I wintered over in Bishop.
A few days into Washington's Pacific Northwest Trail, in September, I got the call that the little tiny hospital in Bishop, California was looking for a travel labor and delivery nurse. Then the second call came- they needed one right NOW. I shrugged, hitchhiked back to my car in Washington, and drove South.
Bishop is a very special place. Located in the middle of the deep Owens Valley underneath the highest mountains in the continental United States, four hours north of Los Angeles, this town of just under 4,000 feels like it heard all of the hubbub of the past few years, pulled its door quietly shut, and went on as if nothing had really happened. World-famous for rock climbing, the town somehow manages to just go about its business without anybody really seeming to notice that it's there.
I worked quietly through the winter, satisfied and connecting to old and new friends in my new little home. Then, in March, the unthinkable happened.
I was sitting at the nurse's station in the middle of the night when my roommate Bri called me.
"There's been an accident. Joey fell rock climbing. They're saying he's not gonna make it."
I felt all of the blood draining out of my face. "Where is he? What hospital?"
"UMC Trauma. Las Vegas."
Joey was sixty-two years young, a wild-hearted guy who seemed not of this world, happily living out of his car, climbing and hiking full-time. We had met him in 2020, right as the world shut down during an international pandemic. For months, I would work my shifts at the hospital in Long Beach and then LA, and then drive every single week up to the Owens Valley-and we would go into the mountains. We would talk about climbing, and relationships, and anything that popped into our heads-and without really meaning to, Joey carried me through the darkest hours of my life, with his loving companionship on those trips. Joey had climbed almost 700 lifetime peaks, all over the world. He was trying to get to 777.

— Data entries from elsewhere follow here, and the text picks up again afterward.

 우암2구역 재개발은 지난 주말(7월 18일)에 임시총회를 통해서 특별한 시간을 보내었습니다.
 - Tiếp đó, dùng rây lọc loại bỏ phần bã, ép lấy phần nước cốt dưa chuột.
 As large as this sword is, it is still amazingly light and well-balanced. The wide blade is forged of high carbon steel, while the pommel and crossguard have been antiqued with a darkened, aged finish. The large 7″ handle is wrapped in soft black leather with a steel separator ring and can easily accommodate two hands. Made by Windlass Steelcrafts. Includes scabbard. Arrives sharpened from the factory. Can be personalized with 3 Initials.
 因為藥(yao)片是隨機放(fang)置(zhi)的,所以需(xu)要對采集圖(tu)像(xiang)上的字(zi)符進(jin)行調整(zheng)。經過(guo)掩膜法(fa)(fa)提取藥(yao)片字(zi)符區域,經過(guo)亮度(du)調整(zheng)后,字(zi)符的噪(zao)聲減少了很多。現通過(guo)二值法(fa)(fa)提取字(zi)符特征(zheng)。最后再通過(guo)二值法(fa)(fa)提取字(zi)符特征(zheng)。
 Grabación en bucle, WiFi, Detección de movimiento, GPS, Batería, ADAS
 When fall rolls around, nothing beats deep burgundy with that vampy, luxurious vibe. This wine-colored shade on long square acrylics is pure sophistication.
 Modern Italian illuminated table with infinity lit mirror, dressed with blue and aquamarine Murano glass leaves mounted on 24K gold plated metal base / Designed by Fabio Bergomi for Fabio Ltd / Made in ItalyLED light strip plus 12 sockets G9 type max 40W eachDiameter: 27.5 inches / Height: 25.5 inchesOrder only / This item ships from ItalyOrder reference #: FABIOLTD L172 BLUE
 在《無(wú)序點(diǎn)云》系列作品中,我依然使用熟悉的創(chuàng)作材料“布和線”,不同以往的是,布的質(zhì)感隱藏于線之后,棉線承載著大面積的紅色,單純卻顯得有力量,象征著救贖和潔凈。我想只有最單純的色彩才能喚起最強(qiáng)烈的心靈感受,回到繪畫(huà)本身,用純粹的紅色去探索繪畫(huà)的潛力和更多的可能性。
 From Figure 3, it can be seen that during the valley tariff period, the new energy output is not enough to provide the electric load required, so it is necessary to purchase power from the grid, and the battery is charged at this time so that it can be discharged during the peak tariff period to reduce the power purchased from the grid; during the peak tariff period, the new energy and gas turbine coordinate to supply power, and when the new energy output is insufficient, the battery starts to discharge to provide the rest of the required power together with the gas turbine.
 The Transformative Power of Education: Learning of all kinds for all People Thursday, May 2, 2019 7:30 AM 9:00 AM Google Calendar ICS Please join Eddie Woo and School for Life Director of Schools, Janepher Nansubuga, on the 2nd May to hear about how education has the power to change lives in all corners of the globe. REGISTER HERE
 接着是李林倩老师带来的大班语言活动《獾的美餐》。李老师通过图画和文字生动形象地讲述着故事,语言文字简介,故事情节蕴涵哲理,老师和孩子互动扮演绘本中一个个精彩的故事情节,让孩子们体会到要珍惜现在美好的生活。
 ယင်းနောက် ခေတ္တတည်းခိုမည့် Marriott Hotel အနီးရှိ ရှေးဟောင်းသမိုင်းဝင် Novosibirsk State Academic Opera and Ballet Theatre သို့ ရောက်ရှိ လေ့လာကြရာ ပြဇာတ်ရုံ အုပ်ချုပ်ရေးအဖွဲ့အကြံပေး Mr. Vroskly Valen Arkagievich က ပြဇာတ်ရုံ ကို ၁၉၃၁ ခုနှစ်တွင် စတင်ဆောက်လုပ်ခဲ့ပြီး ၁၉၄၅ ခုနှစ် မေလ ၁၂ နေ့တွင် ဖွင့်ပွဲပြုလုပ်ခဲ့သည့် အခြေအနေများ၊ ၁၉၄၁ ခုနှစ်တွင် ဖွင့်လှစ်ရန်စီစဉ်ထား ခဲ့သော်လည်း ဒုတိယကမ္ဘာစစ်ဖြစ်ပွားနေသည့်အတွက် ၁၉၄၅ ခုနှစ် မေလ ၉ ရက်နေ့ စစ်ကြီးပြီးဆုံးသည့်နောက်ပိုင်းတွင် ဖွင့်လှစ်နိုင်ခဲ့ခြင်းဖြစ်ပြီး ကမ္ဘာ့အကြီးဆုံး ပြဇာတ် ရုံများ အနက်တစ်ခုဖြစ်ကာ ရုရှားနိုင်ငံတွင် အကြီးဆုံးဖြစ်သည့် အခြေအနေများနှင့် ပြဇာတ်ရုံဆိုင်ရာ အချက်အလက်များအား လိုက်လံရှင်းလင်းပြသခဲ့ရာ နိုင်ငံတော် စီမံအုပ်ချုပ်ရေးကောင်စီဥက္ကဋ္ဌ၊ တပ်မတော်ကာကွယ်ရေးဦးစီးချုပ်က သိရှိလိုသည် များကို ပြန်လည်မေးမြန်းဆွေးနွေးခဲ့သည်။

I left the hospital, and drove to Las Vegas through the night across Death Valley. We lost him on March 14th, 2023 at 12:28 am.
Joey, my heart has lept out of my chest in grief at imagining life without you. Everything has seemed brighter, and I have felt my own soft humanity and my connection to this earth, because you left us so suddenly, and you were so loved. But, no one could hold you-it's just the way you are-it's the way you always have been. I love you so much, but really, I know you never left the Owens Valley-I feel you tap me on my shoulder, I hear you make a dry little joke- I hear you laughing at us with all of our fumblings as we continue our silly little lives-I feel your spirit playing in the warm wind as it bats the sagebrush about-I see your rainbows you make as you wave at us across the Valley. Hi, Joey. The Owens Valley is your home, the Range of Light your stomping grounds. We just didn't expect you to go so soon.
And so, I leave in a few days to hike the Pacific Crest Trail, for the second time-in this Spring, the Trail's snowiest year in history. I'll take six or so weeks to hike from the Mexican border back to the Sierra Nevada mountains, and then look forward to the Unknown-hundreds of miles of snow, raging snowmelt-swollen rivers, challenge, pristine beauty. I know Joey will be happy to see me walk back towards home.